**What you are asked to do:** The lines to reproduce from the material below are those from the one containing "Saloogoe Summer Tank" through the one containing "泊 夕焼けさんの総格は31画の5点!", both included; write them out exactly and add nothing.

*** Opening Exercise material ***

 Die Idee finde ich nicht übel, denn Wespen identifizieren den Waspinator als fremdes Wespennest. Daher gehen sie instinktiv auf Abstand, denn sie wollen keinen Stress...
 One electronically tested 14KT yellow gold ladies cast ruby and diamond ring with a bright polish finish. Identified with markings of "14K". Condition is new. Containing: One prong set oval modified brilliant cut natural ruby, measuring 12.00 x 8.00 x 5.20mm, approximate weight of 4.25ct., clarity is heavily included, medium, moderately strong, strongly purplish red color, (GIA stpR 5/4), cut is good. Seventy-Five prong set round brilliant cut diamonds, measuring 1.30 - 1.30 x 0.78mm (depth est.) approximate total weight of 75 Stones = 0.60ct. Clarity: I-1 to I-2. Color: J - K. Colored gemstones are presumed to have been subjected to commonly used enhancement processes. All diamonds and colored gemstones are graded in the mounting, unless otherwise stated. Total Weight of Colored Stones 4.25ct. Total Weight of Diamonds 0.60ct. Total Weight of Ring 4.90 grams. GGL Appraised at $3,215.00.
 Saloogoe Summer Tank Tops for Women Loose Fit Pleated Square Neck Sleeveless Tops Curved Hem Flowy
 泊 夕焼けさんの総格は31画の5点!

*** Closing Exercise material ***
*** Opening Exercise material ***

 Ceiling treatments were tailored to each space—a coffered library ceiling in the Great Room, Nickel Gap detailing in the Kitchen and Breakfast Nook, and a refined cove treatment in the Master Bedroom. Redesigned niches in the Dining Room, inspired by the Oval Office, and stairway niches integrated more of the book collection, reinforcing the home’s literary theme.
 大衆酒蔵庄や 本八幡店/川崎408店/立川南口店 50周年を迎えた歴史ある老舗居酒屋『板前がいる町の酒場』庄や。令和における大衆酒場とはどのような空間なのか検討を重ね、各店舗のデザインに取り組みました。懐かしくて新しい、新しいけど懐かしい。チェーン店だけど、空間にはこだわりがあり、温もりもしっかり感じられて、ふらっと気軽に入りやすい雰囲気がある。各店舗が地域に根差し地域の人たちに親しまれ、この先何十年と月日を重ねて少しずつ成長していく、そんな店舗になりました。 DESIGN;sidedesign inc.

*** Closing Exercise material ***

**Solution for this problem:**
 Saloogoe Summer Tank Tops for Women Loose Fit Pleated Square Neck Sleeveless Tops Curved Hem Flowy
 泊 夕焼けさんの総格は31画の5点!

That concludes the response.